A primeira delas, no final de janeiro de 2023, quando a extração de areia, executada pela Mandacaru, na Praia do Francês, dentro do terreno da Igreja Católica, chegava às Dunas do Cavalo Russo.

Foi suspensa também a extração de areia de Feliz Deserto, cuja jazida era explorada pela empresa Geomineração, cujos donos eram sócios de Sérgio Chueke, que também fornecia areia para a Braskem, extraída do Sítio Accyoli, vizinho ao Sítio Bom Retiro, no Francês.

Foram denunciadas também a extração predatória de areia, para abastecer a Braskem, em Satuba, nas terras que pertenceram à antiga Usina Utinga Leão, pela construtora MTSul; e em Coruripe, no Povoado Poxim, na Fazenda Águas Pitubas, que faz divisa com a fazenda comprada por Thereza Collor e o marido.

No ano passado, um acidente provocado por uma caçamba de areia, que saia da jazida do Poxim e acessava imprudentemente a pista da AL-101 Sul, matou uma turista mineira e o motorista do micro-ônibus, da empresa Look Receptivo.

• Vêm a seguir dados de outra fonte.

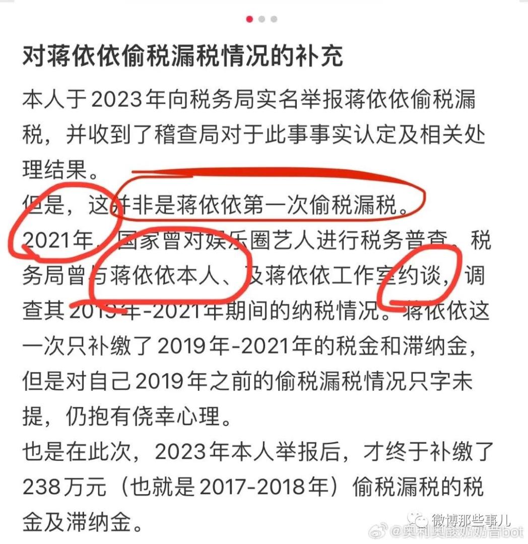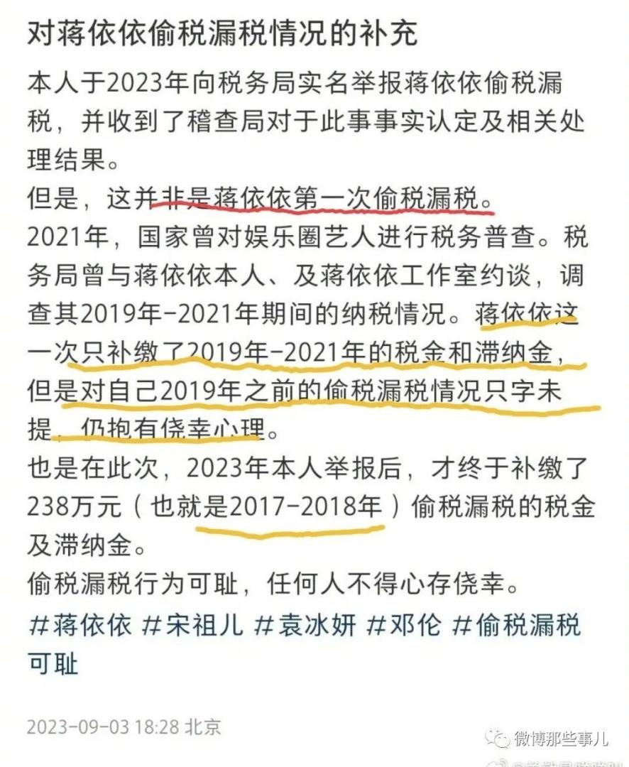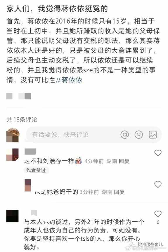 这还不到晚上就塌了,小红书有网友实名举报蒋依依偷税漏税2016-2021年,收入1600万,在明星里不算高,她这几年,只有两部主演作品,而且都是低成本作品,其它全部是打酱油。有微博网友说这个收入不高,这都相当于在娱乐圈兼职了但是,有网友看了举报之后,替她找理由了“蒋依依其实挺冤枉的吧?”首先,蒋依依在2016年的时候只有15岁,相当于当时在上初中,并且她所赚取的收入是她的父母保管,那只能说明父母没有交税的想法,那么其实蒋依依本人还是好的,只是被父母的大意连累到了,后续父母也主动交税了,所以依依还是可以继续粉的,并且我觉得依依跟sze的不是一种类型的事情,没有可比性!但,很快就有网友反驳,哪里冤???1.本人知情2.第一次被约谈后还是不补完才被举报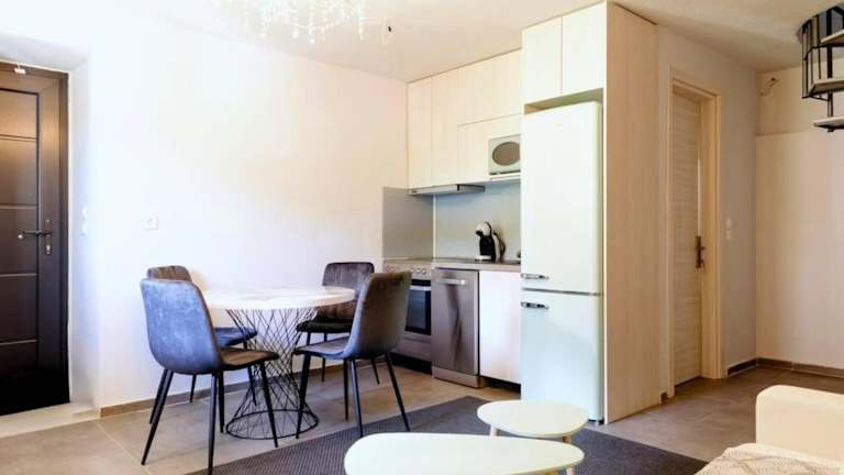 Aretha Mansion - Chora Samothrace bietet klimatisierte Übernachtungsmöglichkeiten in einem einladenden Ferienhaus mit einer Terrasse. Die Unterkunft besteht aus einem Schlafzimmer, einem Wohnzimmer und einer gut ausgestatteten Küche, die mit Kühlschrank und Geschirrspüler ausgestattet ist. Die Veranda/Parkett lädt zur Entspannung ein.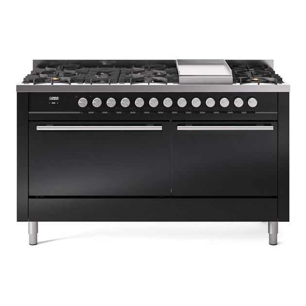 ILVE Professional Plus 60" Dual Fuel Range with 9 Sealed Burners w/Griddle Triple Glass Door - UP60FWMP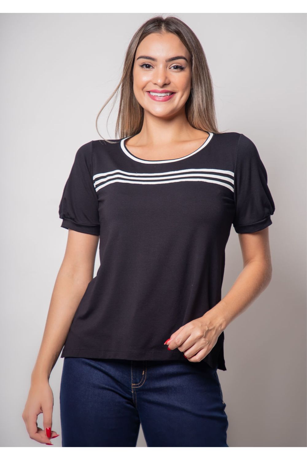 Mangas curtas - estilo "princesa", e decote redondo com acabamento listrado.
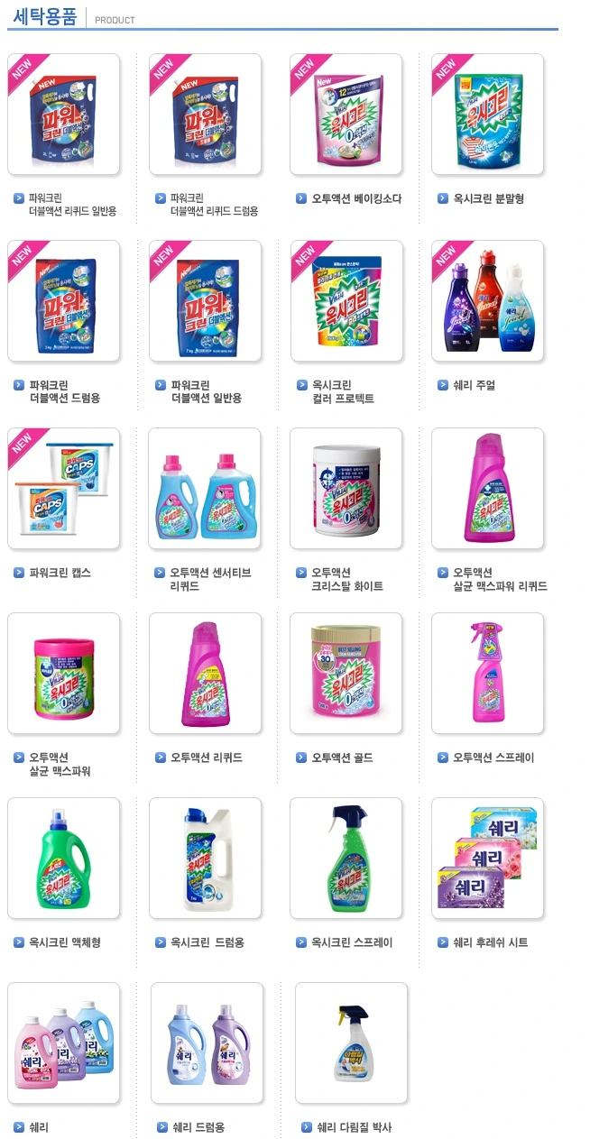옥시크린, 파워크린, 오투액션, 더블액션, 쉐리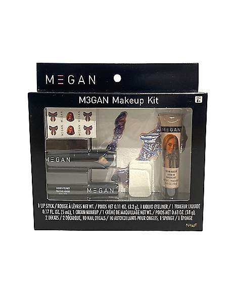 Transform into Blumhouse’s killer doll with the M3GAN Makeup Kit by Spirit Halloween. Includes lipstick, eyeliner, cream makeup, decals, and nail art.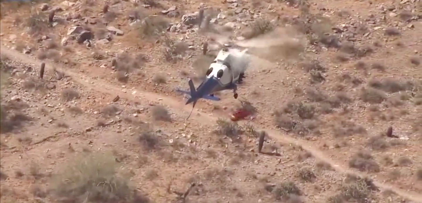 Katalin Metro spins violently while attached to the helicopter.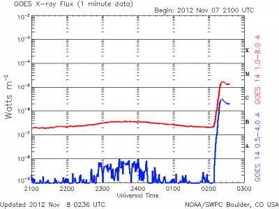 Анализ активных областей и активности с 21:00 7 ноября по 21:00 8 ноября: Солнечная активность последние 24 часа была на среднем уровне. Наибольшее солнечное событие было М1 наблюдавшееся в 02:23 8 ноября в области 1611 (N12E66). Событие М1 было связано с корональным выбросом масс (CME) на восточном лимбе (ожидается, что не геоэффективное) и тип II радио диапазона. На обратной стороне, полное гало выброса наблюдалось позже (первый вход С2 в поле зрения было в 11:12 8 ноября); Стерео образ показывает, что источником был старая область 1598. На диске наблюдается 6 областей пятен включая две новые пронумерованные группы: Область 1611 (N12E66) и 1612 (N06E71). Прогноз солнечной активности: Солнечная активность будет на низких уровнях с незначительной вероятностью умеренных уровней в ближайшие три дня (9-11 ноября).

Portanto, de 2023 para cá, ao invés de diminuir (por conta das denúncias), aumentou a movimentação de carretas e caçambas carregadas de areia pela rodovia que liga Maceió ao Litoral Sul alagoano.

Na falta do mineral, a Braskem já trouxe até um navio carregado de areia da Bahia, conforme confirmou a administração do Porto de Maceió. Tudo isso para tamponar a maioria das 36 minas de sal-gema, desativadas por decisão judicial.